(MATERIAL PROVIDED Opens)

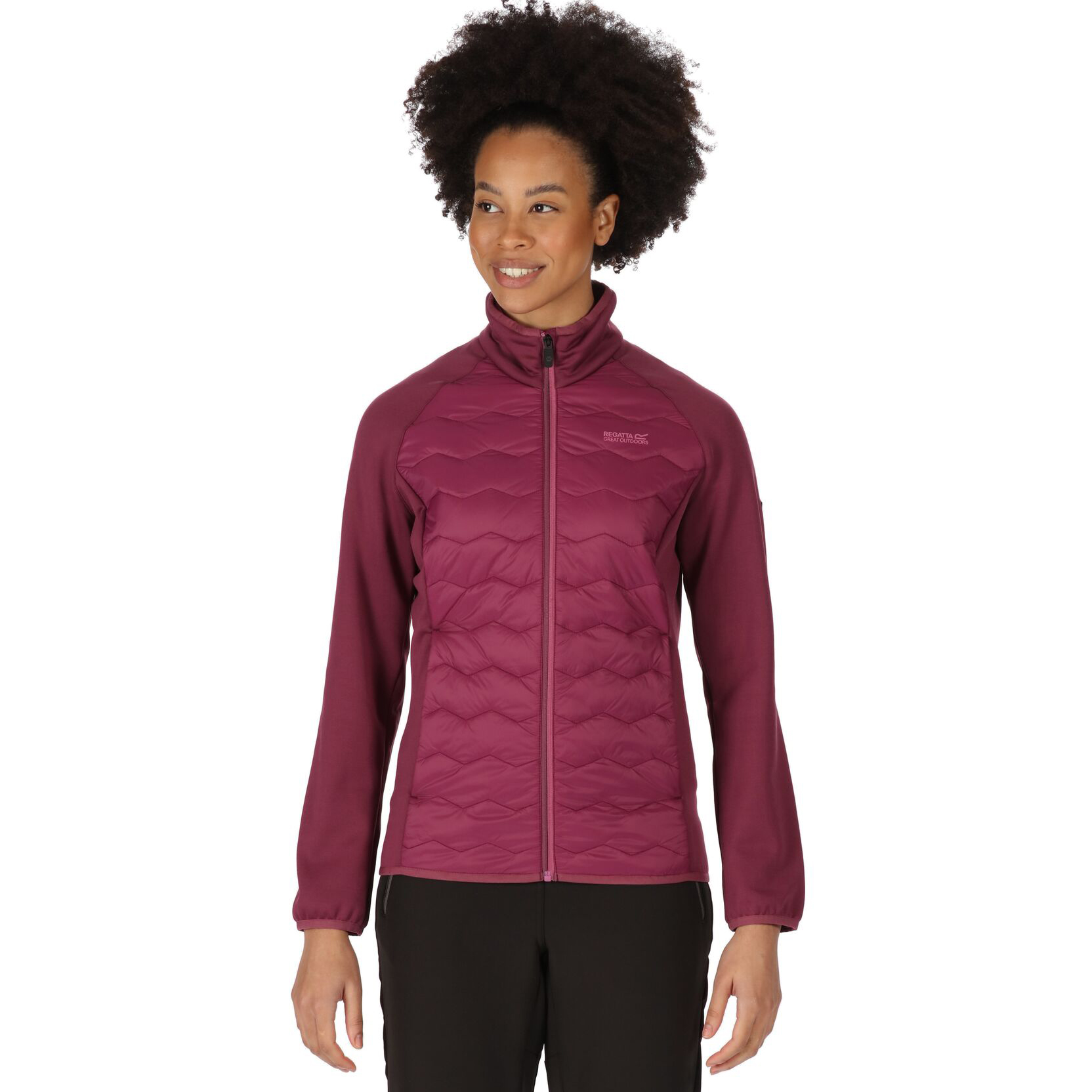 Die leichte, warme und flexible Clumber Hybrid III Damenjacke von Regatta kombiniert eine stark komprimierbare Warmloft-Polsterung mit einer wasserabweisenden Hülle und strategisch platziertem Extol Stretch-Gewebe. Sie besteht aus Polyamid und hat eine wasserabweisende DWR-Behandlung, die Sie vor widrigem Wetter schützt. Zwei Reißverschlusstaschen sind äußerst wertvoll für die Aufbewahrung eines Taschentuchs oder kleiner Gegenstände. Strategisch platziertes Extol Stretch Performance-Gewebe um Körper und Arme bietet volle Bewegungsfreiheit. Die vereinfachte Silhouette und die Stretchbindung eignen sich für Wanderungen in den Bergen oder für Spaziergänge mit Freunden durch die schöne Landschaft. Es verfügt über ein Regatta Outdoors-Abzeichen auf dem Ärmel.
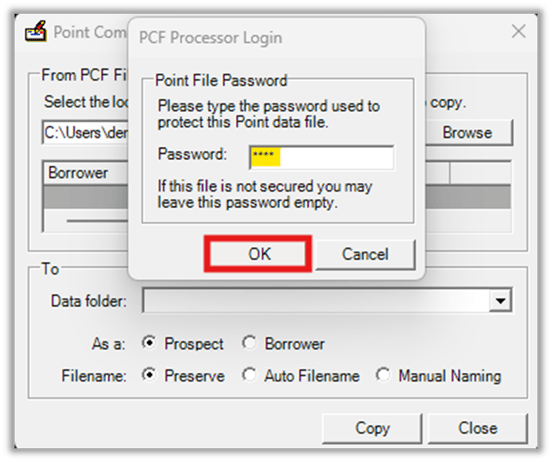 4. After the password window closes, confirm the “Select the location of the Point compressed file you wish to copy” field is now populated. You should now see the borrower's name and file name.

(MATERIAL PROVIDED Closes)
(MATERIAL PROVIDED Opens)

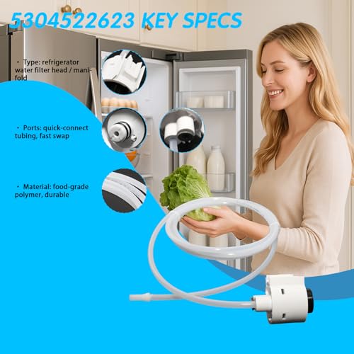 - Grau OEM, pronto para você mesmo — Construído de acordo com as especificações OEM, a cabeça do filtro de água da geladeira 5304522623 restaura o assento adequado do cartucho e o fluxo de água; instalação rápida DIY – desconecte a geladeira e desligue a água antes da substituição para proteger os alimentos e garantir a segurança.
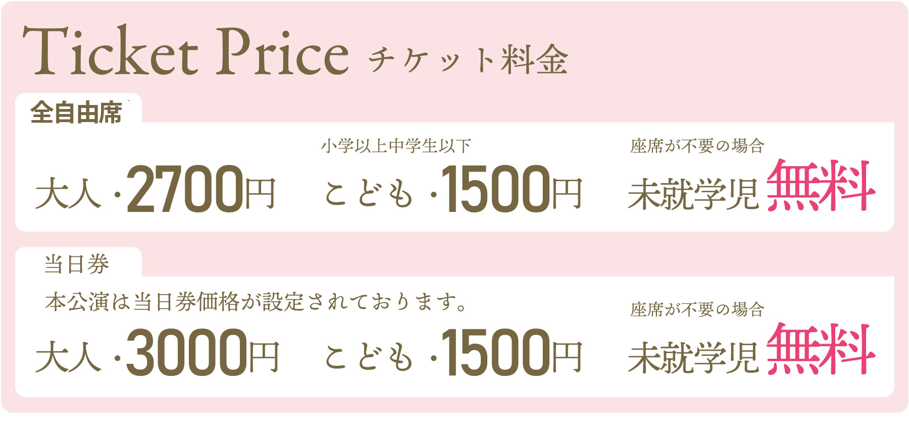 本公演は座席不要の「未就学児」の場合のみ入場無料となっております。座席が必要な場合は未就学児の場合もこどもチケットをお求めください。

(MATERIAL PROVIDED Closes)

With pictures excluded, reproduce exactly the lines above from the one containing "Die leichte, warme" down to the one containing "4. After the", those two included.

 Die leichte, warme und flexible Clumber Hybrid III Damenjacke von Regatta kombiniert eine stark komprimierbare Warmloft-Polsterung mit einer wasserabweisenden Hülle und strategisch platziertem Extol Stretch-Gewebe. Sie besteht aus Polyamid und hat eine wasserabweisende DWR-Behandlung, die Sie vor widrigem Wetter schützt. Zwei Reißverschlusstaschen sind äußerst wertvoll für die Aufbewahrung eines Taschentuchs oder kleiner Gegenstände. Strategisch platziertes Extol Stretch Performance-Gewebe um Körper und Arme bietet volle Bewegungsfreiheit. Die vereinfachte Silhouette und die Stretchbindung eignen sich für Wanderungen in den Bergen oder für Spaziergänge mit Freunden durch die schöne Landschaft. Es verfügt über ein Regatta Outdoors-Abzeichen auf dem Ärmel.
 4. After the password window closes, confirm the “Select the location of the Point compressed file you wish to copy” field is now populated. You should now see the borrower's name and file name.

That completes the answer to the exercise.